Over the past few years regulators and examiners concentrated their efforts on problems stemming from the recent financial crisis. The trend has now turned back to money laundering and the Bank Secrecy Act.
Authorities are now investigating several big banks for failure to monitor cash transactions and thereby allowing drug dealers and terrorists to use financial institutions to assist in furthering their criminal activities.
Banks’ Failure to Take Action
HSBC, Citi, Zions Bank, The Royal Bank of Scotland, Wachovia and Standard Chartered, to name a few, have all fallen under the regulators’ lash for not implementing sufficient BSA/AML/OFAC monitoring programs. Since adequate programs were not in place, it created lapses that allowed criminal activity to flow through their institutions. Millions of dollars in penalties are being assessed.
In many of these cases, deficiencies were previously noted, but the financial institutions failed to take action. This stresses the point of always addressing exam findings before your next exam. In some cases, especially if the violation was found to be egregious, financial institutions are publicly taken to task without any prior violation noted.

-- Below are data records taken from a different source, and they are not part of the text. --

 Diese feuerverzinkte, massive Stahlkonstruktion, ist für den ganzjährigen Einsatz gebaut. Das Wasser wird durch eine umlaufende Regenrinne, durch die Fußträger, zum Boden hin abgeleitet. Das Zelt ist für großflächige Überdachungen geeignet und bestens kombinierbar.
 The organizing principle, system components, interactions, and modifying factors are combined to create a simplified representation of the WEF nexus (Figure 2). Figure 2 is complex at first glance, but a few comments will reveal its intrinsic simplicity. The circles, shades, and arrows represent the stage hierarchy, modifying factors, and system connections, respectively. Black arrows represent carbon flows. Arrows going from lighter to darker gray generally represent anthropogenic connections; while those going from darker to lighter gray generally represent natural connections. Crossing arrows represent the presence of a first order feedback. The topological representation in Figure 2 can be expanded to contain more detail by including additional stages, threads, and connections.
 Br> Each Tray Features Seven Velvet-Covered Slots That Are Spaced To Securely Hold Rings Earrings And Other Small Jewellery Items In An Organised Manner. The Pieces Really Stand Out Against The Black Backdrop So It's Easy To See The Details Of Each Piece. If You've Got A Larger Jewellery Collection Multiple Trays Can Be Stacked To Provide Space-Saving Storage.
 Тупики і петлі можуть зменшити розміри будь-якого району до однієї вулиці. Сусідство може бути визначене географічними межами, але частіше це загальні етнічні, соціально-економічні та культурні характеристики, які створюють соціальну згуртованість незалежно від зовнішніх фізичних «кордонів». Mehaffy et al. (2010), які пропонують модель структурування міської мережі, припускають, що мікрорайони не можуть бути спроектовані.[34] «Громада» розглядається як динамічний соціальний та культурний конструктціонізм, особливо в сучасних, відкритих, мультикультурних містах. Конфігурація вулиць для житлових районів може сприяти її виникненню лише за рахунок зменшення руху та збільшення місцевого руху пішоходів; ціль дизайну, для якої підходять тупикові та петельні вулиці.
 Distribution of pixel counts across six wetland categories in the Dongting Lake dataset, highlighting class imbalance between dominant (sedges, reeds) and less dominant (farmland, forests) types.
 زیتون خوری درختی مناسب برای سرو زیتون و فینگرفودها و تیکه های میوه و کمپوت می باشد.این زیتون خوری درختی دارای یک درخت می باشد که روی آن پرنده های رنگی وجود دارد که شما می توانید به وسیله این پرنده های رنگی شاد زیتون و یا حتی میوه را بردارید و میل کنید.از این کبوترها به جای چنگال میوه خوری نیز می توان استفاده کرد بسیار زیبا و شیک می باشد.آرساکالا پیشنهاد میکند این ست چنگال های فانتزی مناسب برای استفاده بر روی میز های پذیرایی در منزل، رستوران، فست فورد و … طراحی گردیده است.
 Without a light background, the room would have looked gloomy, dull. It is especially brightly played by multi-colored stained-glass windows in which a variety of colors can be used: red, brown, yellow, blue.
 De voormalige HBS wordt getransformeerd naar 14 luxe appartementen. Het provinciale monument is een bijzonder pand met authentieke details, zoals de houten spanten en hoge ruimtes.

Not Just a Big Bank Problem
An important thing to keep in mind is that this is not just a big bank problem; all financial institutions are at risk. I have been to many institutions of various sizes over the past couple of months where examiners have severely criticized and written up institutions for not doing enough to look for and track suspicious activity.
In many of these situations, the organizations were small, low-risk institutions with no evidence of suspicious activity. The examiners’ concerns were that if there had been suspicious activity, it wouldn't have been caught because the credit unions were not looking for it.

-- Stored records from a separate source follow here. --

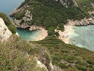 Es gibt mehrere Möglichkeiten diese Zwillingsbucht zu erreichen. Man kann sich am Strand von Agios Georgios Pagi ein Tretboot mieten und hinfahren. Oder im Norden der Bucht bei Spyros anfragen ob der einen mit einem Motorboot hinfährt und ggf. auch zu einer bestimmten Uhrzeit wieder abholt. Wir haben den Fußweg gewählt. Dazu muss man erst zur Taverne Dionysos im Nordwesten von Afionas am Dorfplatz. Von Dort erreicht man die Taverne nur zu Fuß. Geht man links an der Taverne vorbei, kann man über Steine (kein richtiger Weg) zu den beiden Buchten herabsteigen. Wir haben mit kleineren Fotopausen 20-25 Minuten gebraucht. Ich würde es nur empfehlen, falls man halbwegs fit ist und am besten auch nur mit festem Schuhweg. Ist man dann angekommen erwarten einen zwei wunderschöne Buchten mit türkisblauem Wasser. Viel dürfte dort nie los sein, man ist also relativ ungestört und kann erstmal ein erfrischendes Bad nehmen (steinig im Wasser und teilweise am Strand). Vor Ort wird es auch als Afionas Beach bezeichnet. Nach dem Rückweg kann man wunderbar eine Mahlzeit in der Taverne Dionysos einnehmen, die einen tollen Blick auf die Bucht von Agios Georgios Pagi bietet.
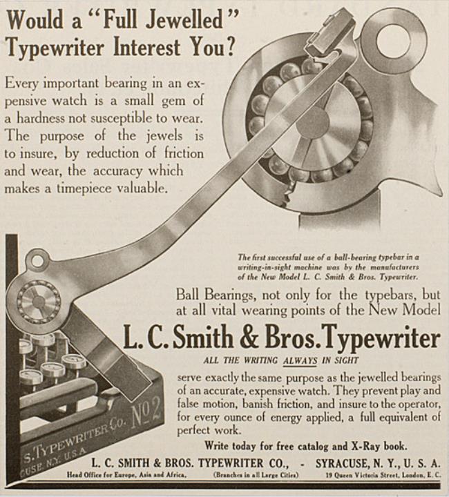 Werbeanzeige für Schreibmaschine L. C. Smith monochrom
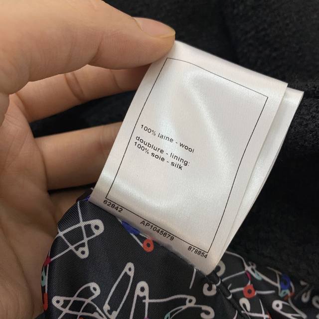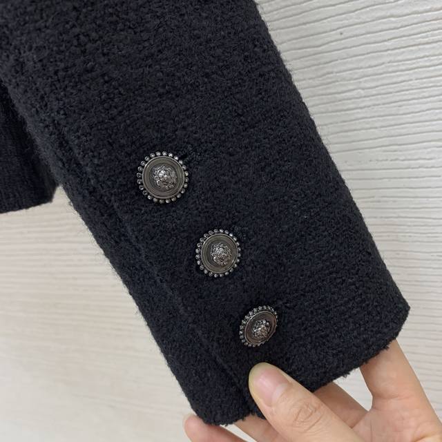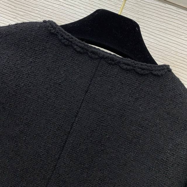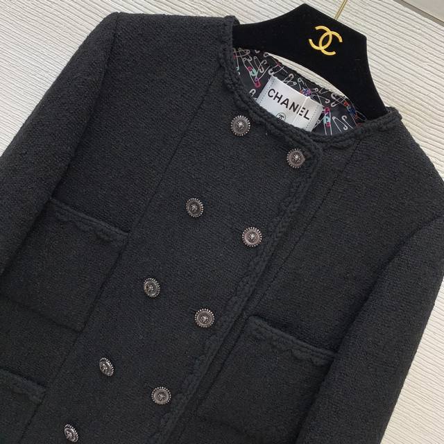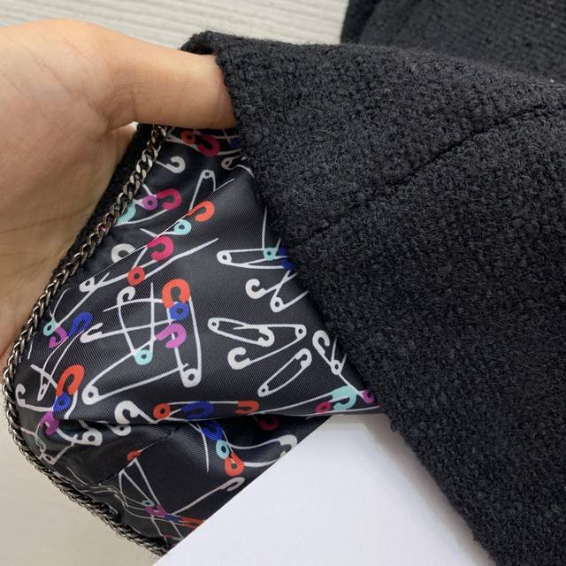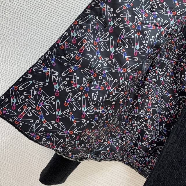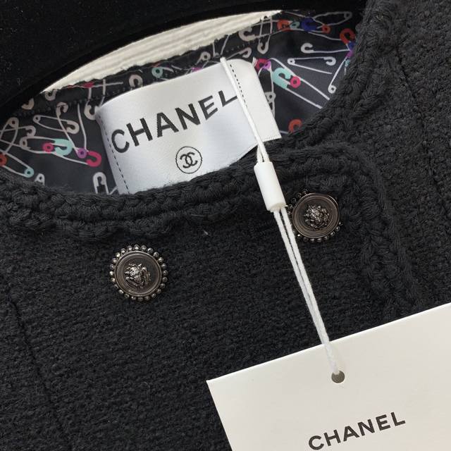 Chane*'s newest Chanel jacket features a custom-made colorful safety pin print lining and a metal chain sewn inside the hem for a stylish drape! This double-breasted, hand-woven, cable-trimmed tweed jacket is a short, long-sleeved, round-neck Chanel-style jacket! Black, Size L: Shoulder 37cm, Chest 94cm, Sleeve 60cm, Length 58cm

What Examiners Want to See
Even if you have the same examiner as previous years, you are not in the clear. I spoke to a few institutions that had the same examiner as their previous exam, and they still had their programs ripped apart, analyzed and criticized.
So, what can you do to put up a strong defense against regulatory scrutiny? Here are a couple of tips:
Evaluate your BSA/AML program.
Examiners are putting emphasis on the last time you evaluated your program to make sure it is still sufficient for "current" risk. Are you validating the data is coming into your AML system accurately?
Conduct an independent evaluation on a regular basis.
Not only is it important, but it is required to get an outside opinion on your institution’s suspicious activity monitoring program.
The FFIEC BSA/AML Manual stresses that your program must be risk-based, periodically reviewed by the BSA Officer and also independently reviewed to ensure that if suspicious activity is or was to occur at your institution it will not go unidentified and unreported.
Periodically has unofficially been accepted as annually, unless there has been an acquisition, merger or other major event at your institution.
Examiners are cracking down, and you need to be prepared. Are you doing enough?